→ **DATA SHOWN**
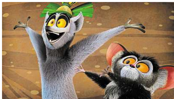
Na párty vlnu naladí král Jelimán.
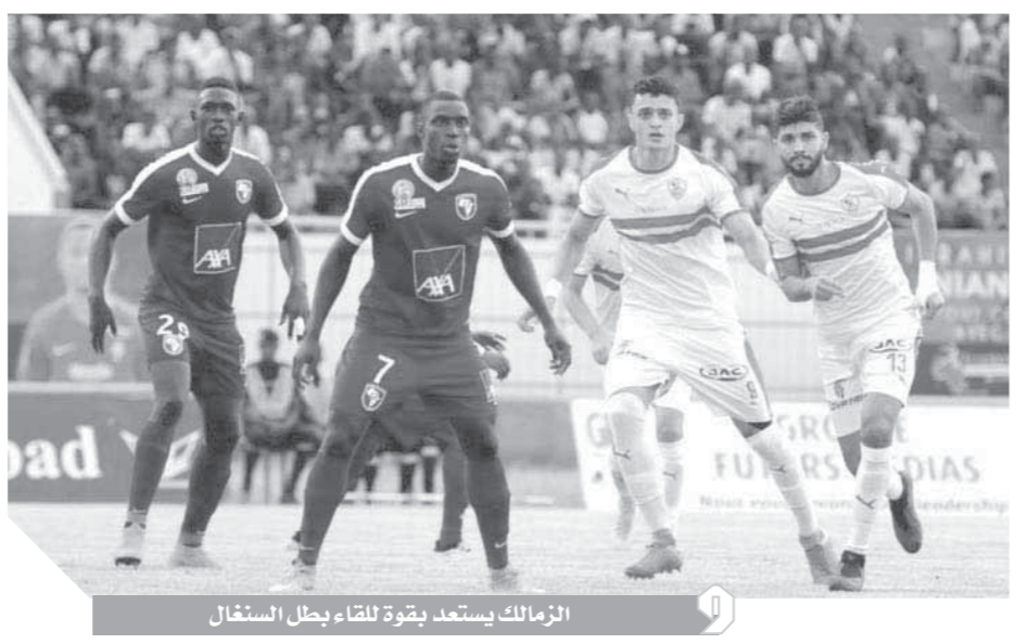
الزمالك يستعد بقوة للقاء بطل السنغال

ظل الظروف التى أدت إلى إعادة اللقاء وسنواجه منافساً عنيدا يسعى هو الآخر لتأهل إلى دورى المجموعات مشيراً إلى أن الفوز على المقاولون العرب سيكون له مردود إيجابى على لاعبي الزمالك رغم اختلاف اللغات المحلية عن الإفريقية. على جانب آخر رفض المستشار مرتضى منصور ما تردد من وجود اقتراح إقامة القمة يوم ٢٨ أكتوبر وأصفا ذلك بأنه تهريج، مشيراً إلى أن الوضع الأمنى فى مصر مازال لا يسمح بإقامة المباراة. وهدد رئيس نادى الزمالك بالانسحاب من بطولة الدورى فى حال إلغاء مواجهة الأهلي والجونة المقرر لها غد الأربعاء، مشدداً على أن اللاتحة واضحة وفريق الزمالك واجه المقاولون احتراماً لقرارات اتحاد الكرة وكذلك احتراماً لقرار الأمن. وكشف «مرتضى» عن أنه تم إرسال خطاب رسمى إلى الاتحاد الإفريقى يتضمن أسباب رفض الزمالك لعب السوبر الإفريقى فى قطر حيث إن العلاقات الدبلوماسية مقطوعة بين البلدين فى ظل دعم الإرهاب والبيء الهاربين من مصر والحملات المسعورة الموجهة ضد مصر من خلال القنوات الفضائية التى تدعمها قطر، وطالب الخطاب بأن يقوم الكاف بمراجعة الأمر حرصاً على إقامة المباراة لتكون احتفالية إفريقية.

→ **PROBLEM TO WORK ON**
Keep every word of the material exactly as given. Drop the pictures.

→ **RESPONSE TO THE TASK**
Na párty vlnu naladí král Jelimán.
الزمالك يستعد بقوة للقاء بطل السنغال

ظل الظروف التى أدت إلى إعادة اللقاء وسنواجه منافساً عنيدا يسعى هو الآخر لتأهل إلى دورى المجموعات مشيراً إلى أن الفوز على المقاولون العرب سيكون له مردود إيجابى على لاعبي الزمالك رغم اختلاف اللغات المحلية عن الإفريقية. على جانب آخر رفض المستشار مرتضى منصور ما تردد من وجود اقتراح إقامة القمة يوم ٢٨ أكتوبر وأصفا ذلك بأنه تهريج، مشيراً إلى أن الوضع الأمنى فى مصر مازال لا يسمح بإقامة المباراة. وهدد رئيس نادى الزمالك بالانسحاب من بطولة الدورى فى حال إلغاء مواجهة الأهلي والجونة المقرر لها غد الأربعاء، مشدداً على أن اللاتحة واضحة وفريق الزمالك واجه المقاولون احتراماً لقرارات اتحاد الكرة وكذلك احتراماً لقرار الأمن. وكشف «مرتضى» عن أنه تم إرسال خطاب رسمى إلى الاتحاد الإفريقى يتضمن أسباب رفض الزمالك لعب السوبر الإفريقى فى قطر حيث إن العلاقات الدبلوماسية مقطوعة بين البلدين فى ظل دعم الإرهاب والبيء الهاربين من مصر والحملات المسعورة الموجهة ضد مصر من خلال القنوات الفضائية التى تدعمها قطر، وطالب الخطاب بأن يقوم الكاف بمراجعة الأمر حرصاً على إقامة المباراة لتكون احتفالية إفريقية.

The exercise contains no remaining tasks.